Sympathomimetics can weaken the antihypertensive effect of ACE inhibitors. In the appointment of such a combination should regularly evaluate the effectiveness of ACE inhibitors.
Antacids reduce the bioavailability of ACE inhibitors.
Perindopril can be prescribed together with Acetylsalicylic acid (as a thrombolytic agent), thrombolytic agents, beta-blockers and / or nitrates.
Ethanol enhances the hypotensive effect of ACE inhibitors.
Symptoms: pronounced decrease in blood pressure, shock, electrolyte imbalance (such as an increase in the concentration of potassium ions, a decrease in sodium); renal failure, hyperventilation, tachycardia, dizziness, bradycardia, anxiety, and cough.

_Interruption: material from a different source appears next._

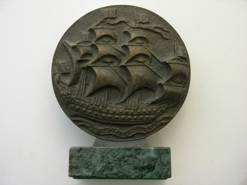 'De Zeven Provinciën' - 1960, brons en verde fraye, diameter 107 mm, vz.: afbeelding van het 17e eeuws driemastig vlaggeschip van de Hollandse vloot met volle zeilen en vlaggen/wimpels op alle masten. Opschrift: onderaan op banderol 'DE ZEVEN PROVINCIËN', kz.: opschrift: 'OPENING HOOFDKANTOOR LANGE VOORHOUT 'S-GRAVENHAGE 1960 ASSURANTIEMAATSCHAPPIJ DE ZEVEN PROVINCIËN N.V.' Opschrift Intepretatie: Het vlaggeschip ...
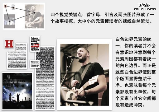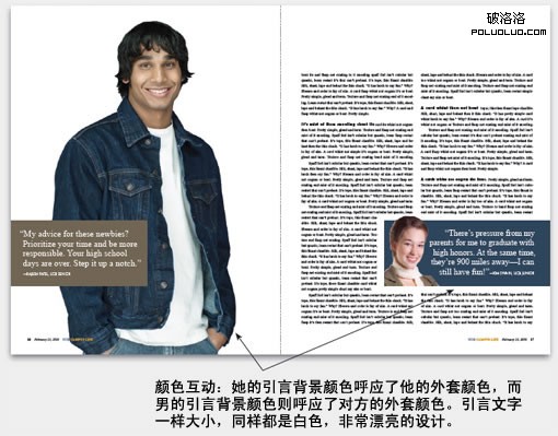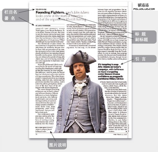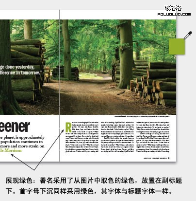 自成一格的故事:毫無疑問,這是一個引言,因為這段話是從正文裡摘引出來的,但給它加上標題、首字母下沉的版式、出處及圖片,就變成一個不折不扣的小故事,這種處理手法增強了所引用資料的權威性及可信性。當引言運用得當時,它就可以發揮概括、加強訴求及增加版面吸引力的作用。如果這種設計手法形成一個系列,則讀者在閱讀整篇文章時都會賞心悅目。

Treatment: with a significant decrease in blood pressure, transfer the patient to a prone position and immediately replenish the blood volume, if possible, infuse angiotensin II and / or inject catecholamines.With the development of sustained severe bradycardia, it may be necessary to use an artificial pacemaker. Constant monitoring of vital body functions, blood serum electrolytes and QC is necessary. Perindopril can be removed from the systemic circulation by hemodialysis. In dialysis, the use of high-flow polyacrylonitrile membranes should be avoided.